So when I use the pdf2image
python import, and pass a multi page PDF into the convert_from_bytes()
- or convert_from_path()
method, the output array does contain multiple images - but all images are of the last PDF page (whereas I would've expected that each image represented one of the PDF pages).
The output looks something like this:
Any idea on why this would occur? I can't find any solution to this online.

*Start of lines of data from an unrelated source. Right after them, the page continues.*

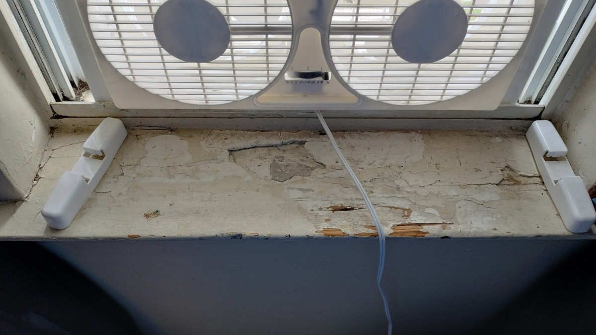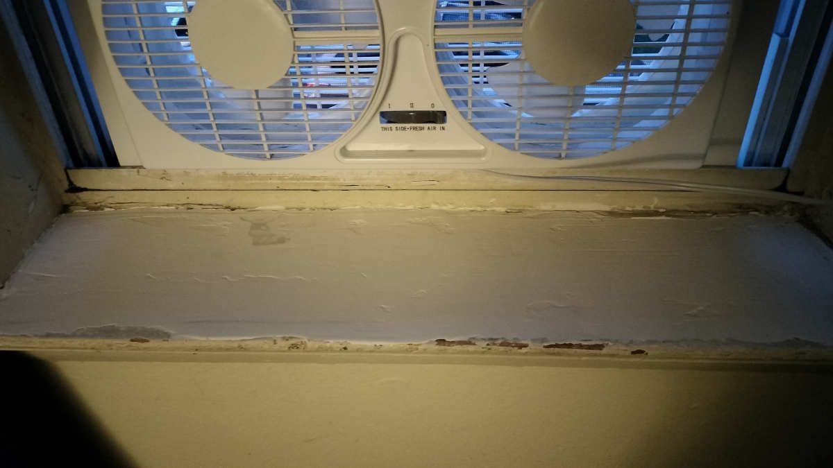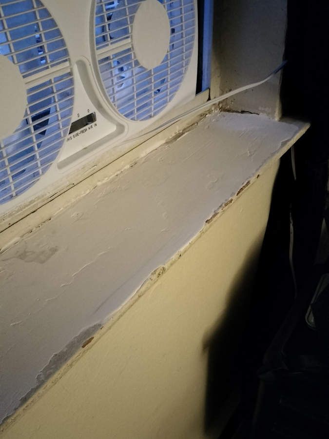 This is the result of years and years of the landlord's "Bare Minimum" policy: Instead of ever actually fixing anything, they gloss over it with a thin sheen of paint and a can do, but don't feel like it attitude.
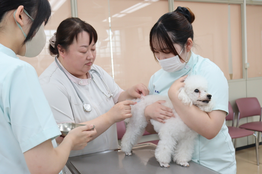 この日の実習テーマは「混合ワクチン接種」。いつも授業をお手伝いしてくれるスタッフ犬たちのために、学生たちが実際にワクチン接種を行います。
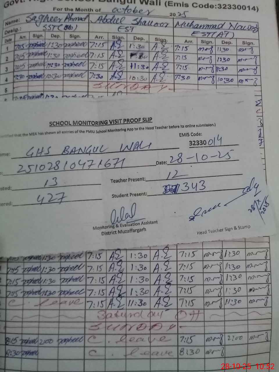 | EMIS Code: 32330014 | Name of School: GHS BANGUL WALI | |||
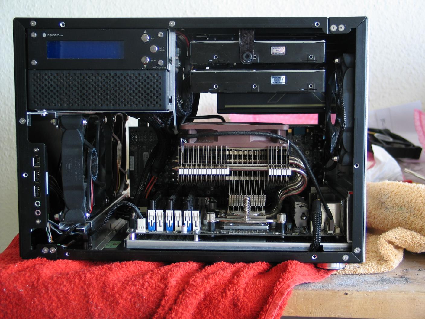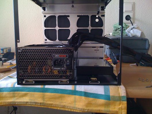 hab mein V351 fertig gemacht, um zu sehen, was passt und was nicht. Sieht insgesammt ganz gut aus...nur brauch ich dringend neue Sata-Kabel, weil meine den falschen Winkelhaben, also zur falschen Seite abgewinkelt sind. Meine Sicherung für die Festplatten ist auch fürn Arsch. Da ist noch nacharbeit notwendig. Das mit den SSD´s über dem DVD-Brenner ist gut. Ansonsten bietet die Mühle richtig viel Platz. Ich Staune nur. Ob ein 120-ziger Radi passt hängt von den verwendeten Sata-Kabeln ab- eng wirds auf jeden Fall.
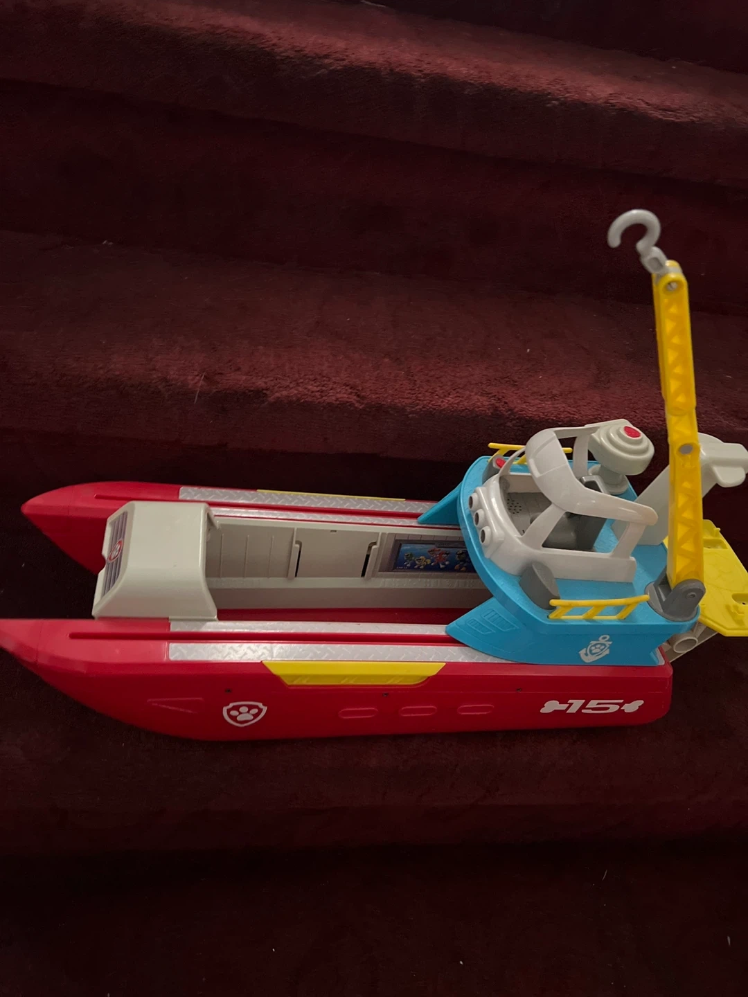 Paw Patrol Sea Patroller boat ready for new adventures! Features a red, white, and blue color scheme with Paw Patrol logos. Perfect for imaginative play!
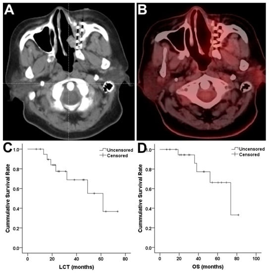Short-term and long-term efficacy of stereotactic ablative brachytherapy (SABT) for recurrent head and neck adenoid cystic carcinoma (HNACC). (A,B) showed the complete response of one patient 3 months after SABT. (C,D) showed the LCT and OS of all patients.
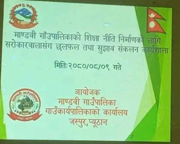 प्युठानको माण्डवी गाउँपालिकाले शिक्षा नीति निर्माणका लागि अन्तरक्रिया कार्यक्रम सम्पन्न गरेको छ।आज गाउँपालिकाको सभाहल देविस्थानमा सरोकारवाला सँग छ्लफल तथा सुझाव सङ्कलन गर्न अन्तरक्रिया कार्यक्रम गरिएको हो।
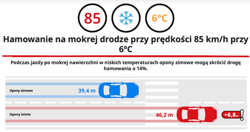 Różnica w drodze hamowania to 7 metrów na korzyść opon zimowych – czyli prawie 2 długości małego SUVa!
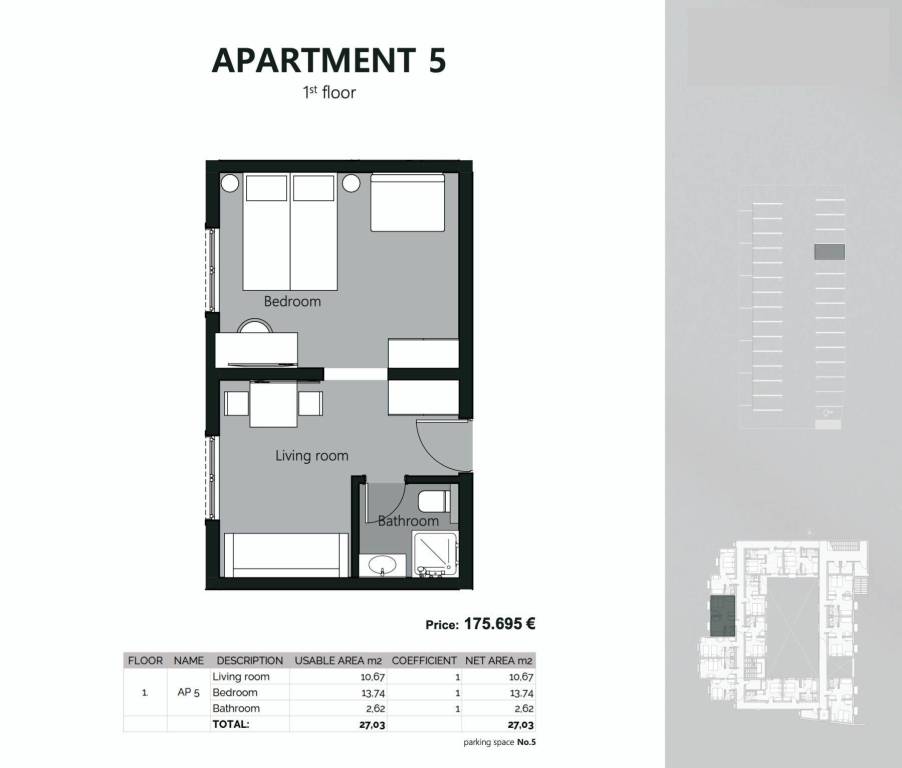 The interiors are finished with great attention to detail: bathrooms with kerok furniture resistant to water and impact, large-format ceramics, matte white sanitary ware with gold details, indirect lighting, designer interior doors and Diere security entrance doors. Apartments are equipped with a smart management system via app, while the entire complex is under video surveillance, ensuring safety and comfort.
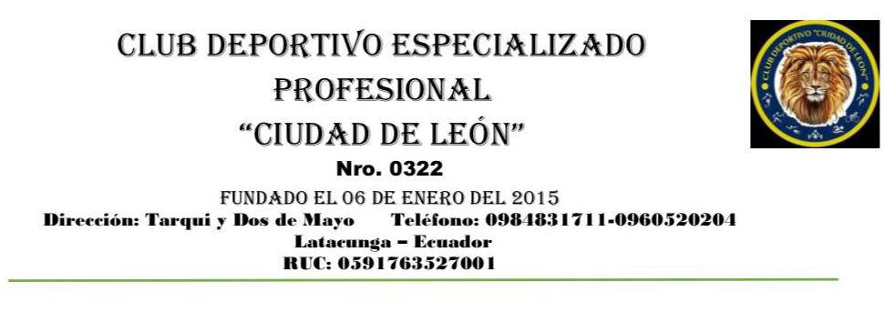 De conformidad a lo que dispone el Art. 153 de la Ley del Deporte, Educacion Fisica y Recreacion y en todo su cuerpo legal del Reglamento General a la Ley del Deporte, Educacion Fisica y Recreacion, en consideracion al Acuerdo Ministerial N° 0389 y al Estatuto vigente del Club y mas normas legales que rige el club, tiene a bien CONVOCAR A LA ASAMBLEA GENERAL DE ELECCIONES A LOS SOCIOS DEL CLUB DEPORTIVO ESPECIALIZADO PROFESIONAL “CIUDAD DE LEON” 2024 – 2028 que se llevara a cabo el día MIÉRCOLES 24 DE ABRIL DEL 2024 A PARTIR DE LAS 19H30 en la sede de club que se encuentra ubicada en las calles dos de mayo y Tarqui del Barrio San Agusto parroquia La Matriz, Canton Latacunga, provincia de Cotopaxi con el fn de tratar el siguiente orden del día:

I've found some vague suggestion that the use_cropbox
argument might be used, but modifying it has no effect.
def convert(opened_file)
# Read PDF and convert pages to PPM image objects
try:
_ppm_pages = self.pdf2image.convert_from_bytes(
opened_file.read(),
grayscale = True
)
except Exception as e:
print(f"[CreateJPEG] Could not convert PDF pages to JPEG image due to error: \n '{e}'")
return
# Do stuff with _ppm_pages
for img in _ppm_pages:
img.show() # ...all images in that list are of the last page
Sometimes the output is an empty 1x1 image, instead, which I also haven't found a reason for. So if you have any idea what that is about, please do let me know!
Thanks in advance, Simon
EDIT: Added code.
EDIT: So, when I try this in a random notebook, it actually works fine.
I've removed a few detours I used in my original code, and now it works. Still not sure what the underlying reason was though...
All the same, thanks for your help, everyone!